An Obama nomination looks like a nomination for social justice – far more than does a nomination for someone from the other party. If the Illinois senator will carry both white and Black voters in November, unlike Democratic candidates from other ethnicities, he will not be able to make promises to African Americans without accountability to keep his promises. Instead, he will be under pressure not to let his people down judicially. He will have to reject policies that stand against the Democratic version of racial progress, and he will have to sign into law policies that stand for such progress. Anything short of this will bring more ire from African Americans than that directed toward any other president who fell short on his promises. Because the hope is greater, the expectation will be greater, and the backlash for perceived failure will be greater. But African Americans do not expect Obama to fail. They expect social and economic justice policies to find favor with this candidate, for Affirmative Action to be strengthened, for racial profiling and racial inequities in the legal systems to be brought into account and see diminishing statistics, and for “equal justice for all” to be more than words on the halls of justice.

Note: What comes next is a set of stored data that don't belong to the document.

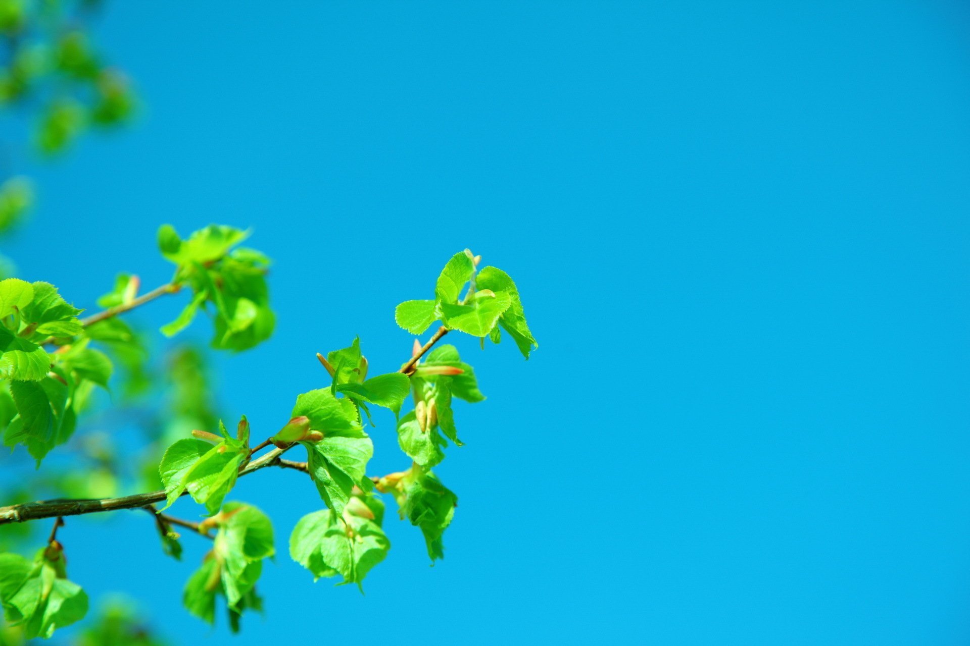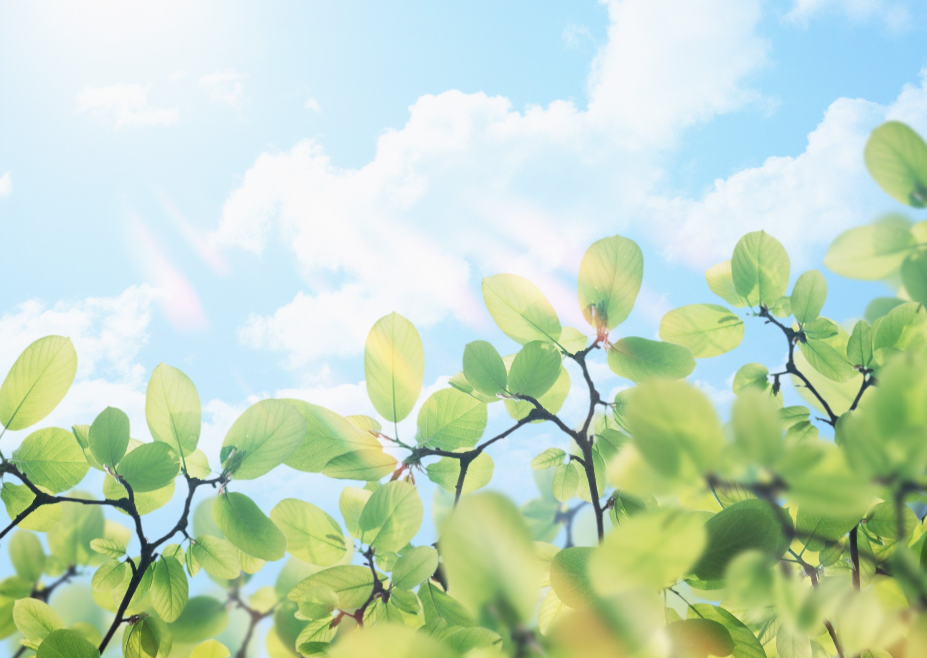 Зеленая листва на голубом небе
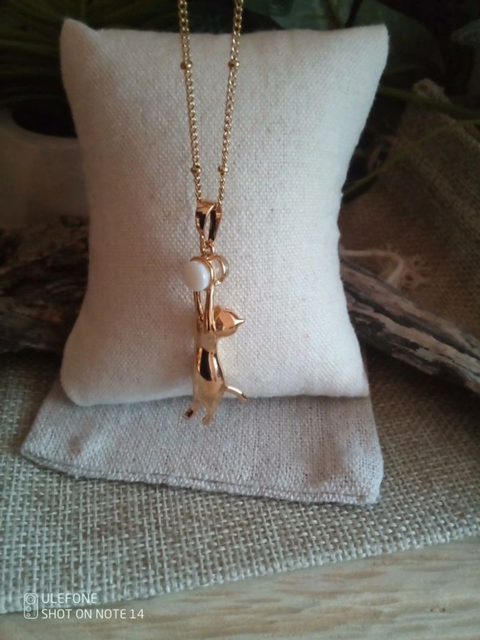 Collier petit chat suspendu doré - photo numéro 2
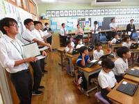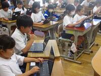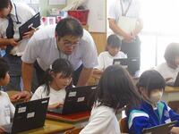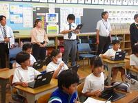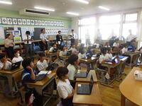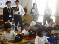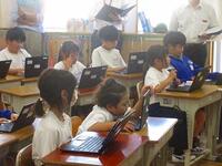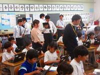 今日は、午後に本校を会場に春日部市教育研究会情報部会の研究授業が行われました。市内の小中学校の情報教育担当の先生方が集まりました。本校3年生の国語の授業「修飾語を使って書こう」を題材にタブレットを利用した授業展開でした。児童のみなさんは、修飾語を使ってわかりやすい文を書くことに集中できました。また、色を分けて視覚的にわかりやすいように工夫をしていました。
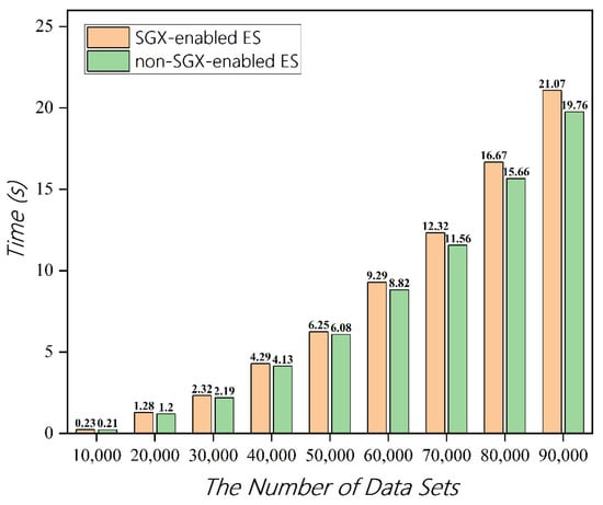 We assume that the  has captured the  event triggered by the client and downloaded the corresponding data set from IPFS. First, we developed two programs with the same data processing capabilities on the server, one on an SGX-enabled server and the other on a non-SGX-enabled server. We used data sets of different sizes to test the data processing time in the two environments and executed the data processing process 10 times for each data set. Finally, we took the average test time as the experimental result. We conducted experiments in the two environments to compare the difference in data processing performance before and after the SGX function was enabled. Figure 10 compares data processing results before and after the SGX function was enabled on the server. Generally, the data processing time in both environments increases with the data set size. Data processing times of the same size with SGX enabled are always higher than without SGX enabled. When the data set is small, the data processing time of the two cases is the same. The time difference between the two cases gradually increases with the size of the processed data set. Mainly, when the data set is 90,000 pieces of data, the time difference between them is 1.31 , which is still an acceptable range in most cases.
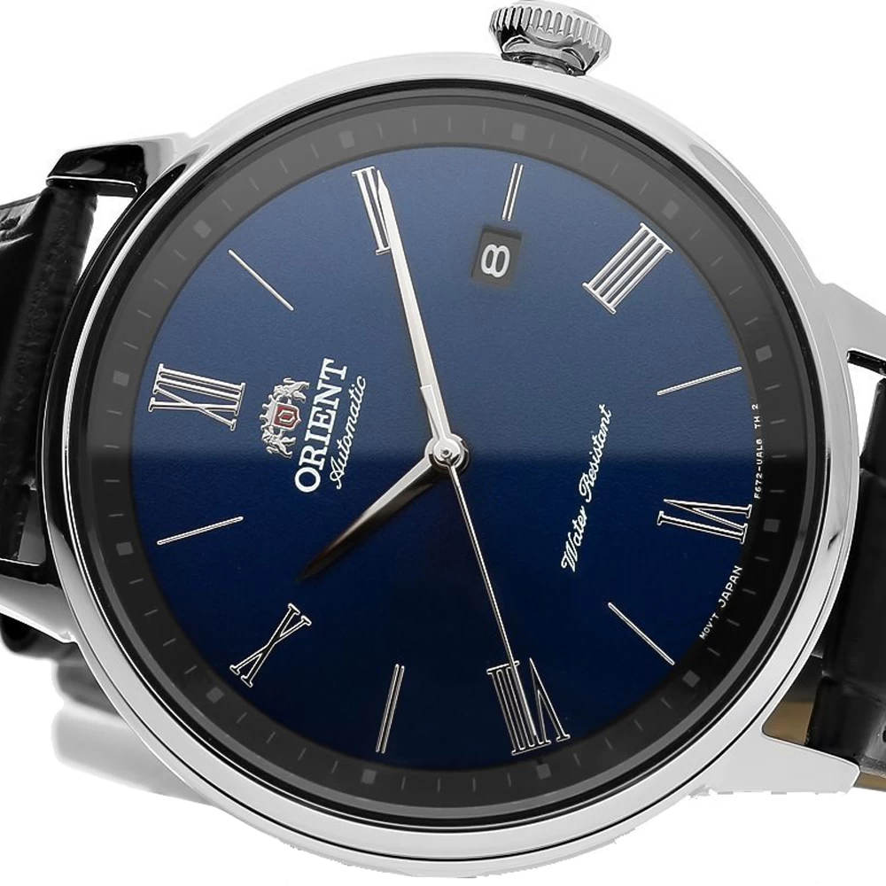 This Orient watch has a case made of stainless steel with a diameter of 42.4 mm and is fitted with a leather band. Inside the case lies a Orient movement and the watch features a Mineral crystal.

An Obama presidency would portray justice in another odd sort of way. Akin to the issue of hope above, his election would be seen as vindication. It would have a self-correcting effect on the errors of America’s history, with its sins of chattel slavery, Jim Crow laws, and ongoing civil injustices. What better way for African Americans to hear the country say, “join us in life, liberty, and the pursuit of happiness!” What greater way is there for African Americans in turn to say, “We have overcome!” What an Obama in the White House would do for African Americans is allow us to feel we can say, “Now this country is going to treat us equally, fairly, justly.”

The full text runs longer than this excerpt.